It wasn’t enjoyable, but he made it through without reverting to any compulsive behavior.
But how many more times would he have to do it? Maybe ten times. Maybe a hundred. He would need to keep repeating the process until his brain could learn to cycle down from panic mode and treat the topic in a more reasonable manner. Yes, salvation is important. It’s the most important thing in life, ever. But it’s not something that should spin us into anxiety-driven spirals of insanity that make us unable to operate in daily life. The brain needs to reclassify these concerns, because that’s not how God works. That’s how a mental health disorder works.
How can we help our brain calm down?
By making peace with the possibility.
Getting Rid of Catastrophizing
One of OCD’s major cognitive distortions is catastrophizing. We think of a feared future possibility, and it all but actualizes in our minds. We think and think and think about coming disaster until it seems like it actually exists. But yet, we tell ourselves that we can’t bear it. That we’ll never be able to endure. That it’ll completely destroy us! No, no, no, we just won’t be able to stand it at all!
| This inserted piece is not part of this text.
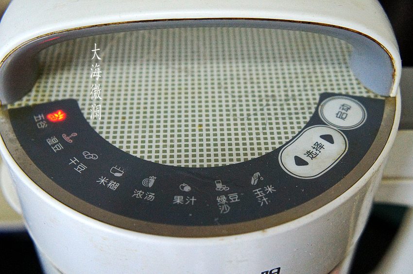 豆浆机接通电源,启动五谷功能,等待豆浆机自动完成的时间可以用来准备其他早餐。

One of the doctors I worked with during my journey called this the dreaded disease of “I-can’t-stand-it-itis.”
It really is a mental disease to think that I can’t stand something. It’ll drive me to behave compulsively, because if I believe that I can’t stand encountering my fears, I’ll do anything to prevent them.
The truth is that I CAN stand it. I can bear my fears. I can experience them and still be okay.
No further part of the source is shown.